System.out.println("buffer time: " + time2 + "ms total");

}

}

-- END CODE --
 
P

pete kirkham

Hendrik said:
Ah, thanks for that thorough explanation!

Oddly enough, removing the aload and pop slows things done (I had to do
100 times as many iterations on the length optimized loops to get >
single digit timings)

over a dozen runs, these were typical:

concat time: 0.2028000ms per call
buffer time: 0.0002760ms per call
length optimized buffer time: 0.0001975ms per call
op-code-reduced buffer time: 0.0002030ms per call

(OS X, Java HotSpot(TM) Client VM (build 1.4.1_01-14, mixed mode))

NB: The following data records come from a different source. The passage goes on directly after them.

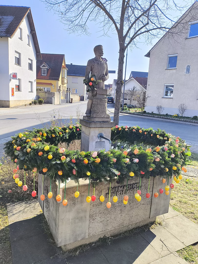 wünscht die Gemeinde Pettstadt und dankt wieder dem Obst- und Gartenbauverein Pettstadt für das Schmücken des Brunnens!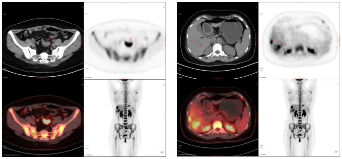 PET/CT診斷:乙狀結(jié)腸癌伴肝臟、淋巴結(jié)多發(fā)轉(zhuǎn)移;隨后病理確診為乙狀結(jié)腸腺癌。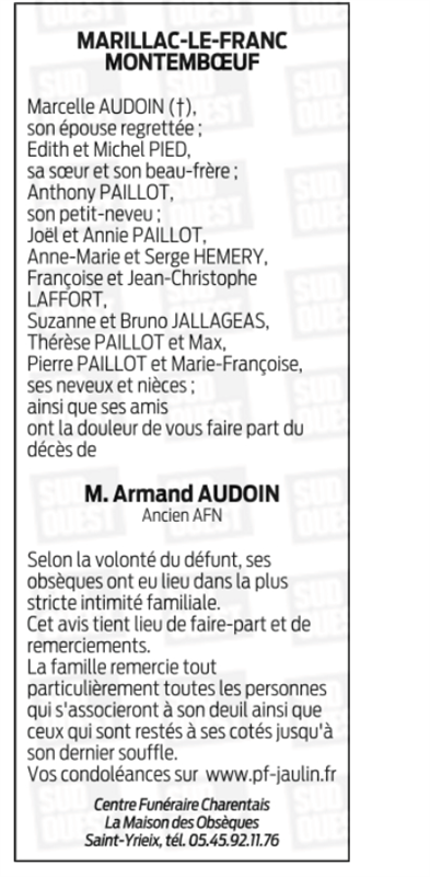 Né à Mouzon (16310, France) le mercredi 15 janvier 1936

I guess the HotSpot compiler may be mapping variables to registers but
the operand stack to memory.


Pete
 
D

Dale King

Take this code for example:

String sql = "select id, name, age from employees"
+ "where name like '%" + name + "%'";

My colleague will optmise this code:

String sql = new StringBuffer(
"select id, name, age from employees")
.append("where name like '%")
.append(name)
.append("%'");

Your colleague's version may actually be much, much slower! I remember
this from a thread in an Eclipse newsgroup. For code like:

String a = "b" + c + "d";

Javac will generate:

String a = new StringBuffer().append( "b" ).append( c ).append( "d"
).toString();

But the compiler in Eclipse generated this which is the same as your
colleague's "optimization":

String a = new StringBuffer( "b" ).append( c ).append( "d" ).toString();

Seem like a good optimization? Well it turned out that with the 1.4 JVM
this "optimized" version was an order of magnitude slower than that
produced by javac. See this thread from eclipse newsgroups for code and
numbers:

http://dev.eclipse.org/newslists/news.eclipse.tools/msg29601.html

So contrary to those telling you to optimize every line, don't do it. You
always have to measure. If you don't measure the only thing you can be
sure of is that you have made your code harder to read.
 
J

John C. Bollinger

Roedy said:
You need a good estimate for size of the final string to ace out
simple +. Otherwise the StringBuffer has to take time out to grow
itself.

True. One should also recognize that the Java compiler handles
compile-time constant expressions and subexpressions, including string
concatenations. There are only two run-time concatenations in the
example code fragment, no matter how many ways the constant text is
broken up. The example "optimized" code performs three StringBuffer
appends.

In this case I'd probably use a PreparedStatement anyway.


John Bollinger
(e-mail address removed)
 
D

Daniel Dyer

How do you explain these results:
Testing string concat...

Testing stringbuffer...

Results:

concat time: 2333ms total

buffer time: 20ms total

That's because the compiler has to instantiate a new StringBuffer for the
"+" whereas you're using the same one each time.

Dan.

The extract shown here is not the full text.